*** Opening of Provided data ***
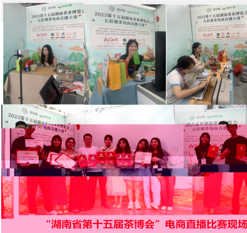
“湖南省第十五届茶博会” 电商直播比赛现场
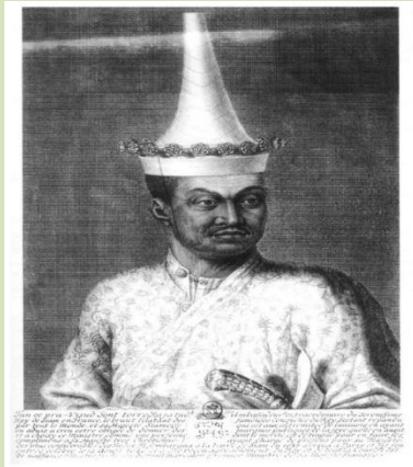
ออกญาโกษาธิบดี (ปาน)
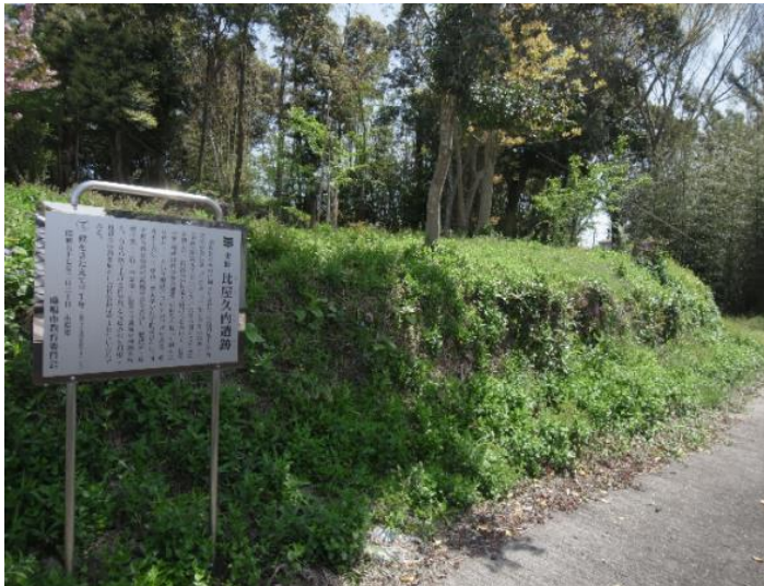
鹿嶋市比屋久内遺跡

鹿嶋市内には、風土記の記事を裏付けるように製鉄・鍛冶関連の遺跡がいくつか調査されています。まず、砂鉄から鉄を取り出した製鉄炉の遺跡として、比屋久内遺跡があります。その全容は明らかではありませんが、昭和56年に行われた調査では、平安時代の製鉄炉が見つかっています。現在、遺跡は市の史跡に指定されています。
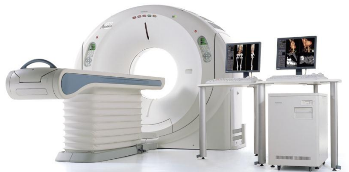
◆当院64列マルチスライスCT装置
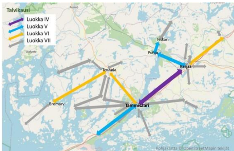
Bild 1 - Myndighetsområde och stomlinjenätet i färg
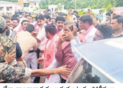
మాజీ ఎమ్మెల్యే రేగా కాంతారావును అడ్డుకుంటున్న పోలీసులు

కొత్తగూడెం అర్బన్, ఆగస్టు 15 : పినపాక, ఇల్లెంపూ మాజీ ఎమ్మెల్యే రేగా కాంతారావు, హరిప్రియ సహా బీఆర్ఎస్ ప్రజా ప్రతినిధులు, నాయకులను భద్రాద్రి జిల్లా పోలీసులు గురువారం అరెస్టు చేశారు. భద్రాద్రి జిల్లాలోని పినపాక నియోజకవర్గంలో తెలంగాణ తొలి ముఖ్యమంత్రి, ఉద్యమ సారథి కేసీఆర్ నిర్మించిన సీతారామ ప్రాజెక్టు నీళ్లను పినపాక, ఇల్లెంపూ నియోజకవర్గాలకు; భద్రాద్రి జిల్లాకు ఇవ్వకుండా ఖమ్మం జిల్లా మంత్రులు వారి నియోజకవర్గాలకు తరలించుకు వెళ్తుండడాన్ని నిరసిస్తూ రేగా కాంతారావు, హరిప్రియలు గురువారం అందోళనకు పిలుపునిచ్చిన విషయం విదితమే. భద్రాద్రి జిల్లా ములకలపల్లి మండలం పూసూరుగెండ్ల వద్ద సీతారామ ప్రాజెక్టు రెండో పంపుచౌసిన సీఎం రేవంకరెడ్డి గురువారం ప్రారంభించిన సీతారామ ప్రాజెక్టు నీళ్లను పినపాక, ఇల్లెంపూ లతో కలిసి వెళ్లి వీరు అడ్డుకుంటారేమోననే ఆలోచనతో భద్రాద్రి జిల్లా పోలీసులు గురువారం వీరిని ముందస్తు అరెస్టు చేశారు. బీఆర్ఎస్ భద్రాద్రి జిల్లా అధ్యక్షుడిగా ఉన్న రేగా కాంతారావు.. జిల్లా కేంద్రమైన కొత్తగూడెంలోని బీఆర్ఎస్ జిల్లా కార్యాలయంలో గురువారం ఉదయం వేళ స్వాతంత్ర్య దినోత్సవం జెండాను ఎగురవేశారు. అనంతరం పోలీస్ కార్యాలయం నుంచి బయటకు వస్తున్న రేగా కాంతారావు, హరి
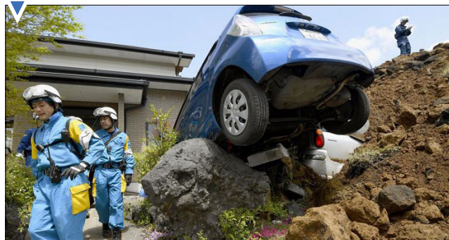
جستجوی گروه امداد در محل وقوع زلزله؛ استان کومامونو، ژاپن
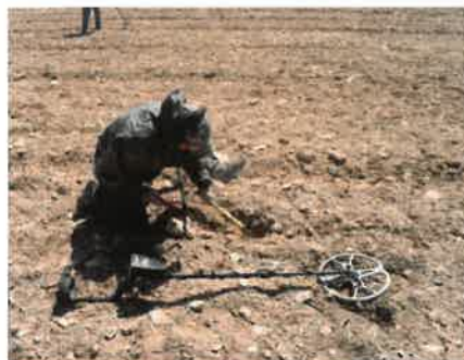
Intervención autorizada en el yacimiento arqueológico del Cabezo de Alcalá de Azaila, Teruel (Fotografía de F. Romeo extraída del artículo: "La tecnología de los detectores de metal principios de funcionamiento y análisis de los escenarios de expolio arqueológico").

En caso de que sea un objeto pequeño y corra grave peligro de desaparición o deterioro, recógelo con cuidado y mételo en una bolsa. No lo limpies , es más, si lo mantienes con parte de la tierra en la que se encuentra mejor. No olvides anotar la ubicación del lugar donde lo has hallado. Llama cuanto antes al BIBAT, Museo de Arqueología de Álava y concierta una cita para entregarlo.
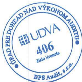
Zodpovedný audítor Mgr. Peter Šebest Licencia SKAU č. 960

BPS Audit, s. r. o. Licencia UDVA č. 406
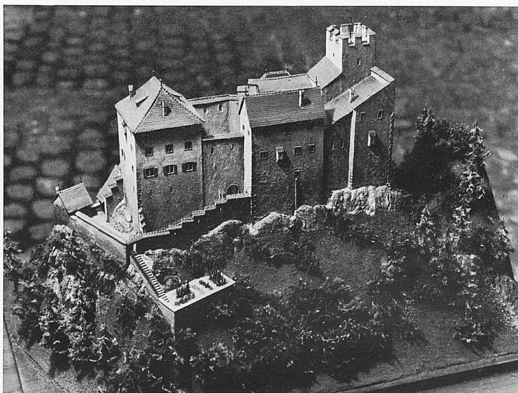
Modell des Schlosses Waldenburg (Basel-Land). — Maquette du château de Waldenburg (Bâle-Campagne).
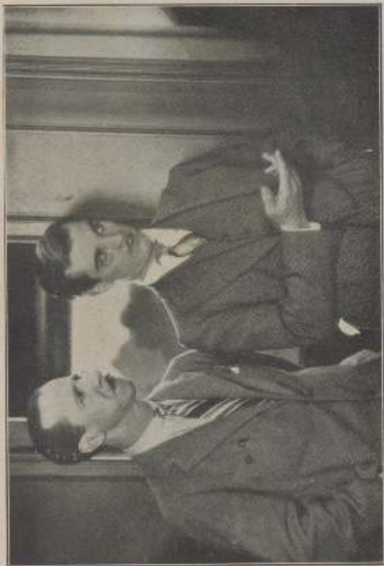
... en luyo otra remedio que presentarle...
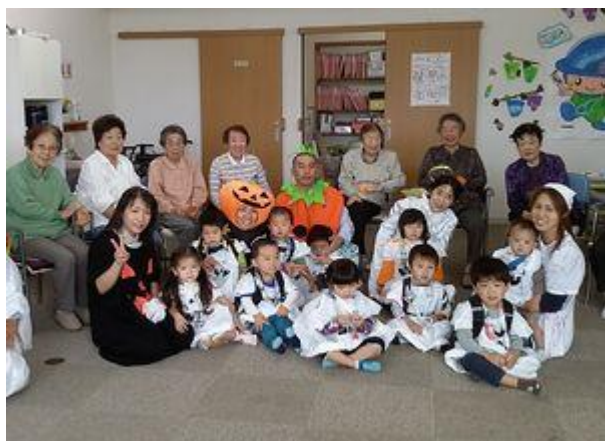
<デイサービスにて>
*** Close of Provided data ***
Go through the records above, find each line with the string "Licencia", and copy it.

Zodpovedný audítor Mgr. Peter Šebest Licencia SKAU č. 960
BPS Audit, s. r. o. Licencia UDVA č. 406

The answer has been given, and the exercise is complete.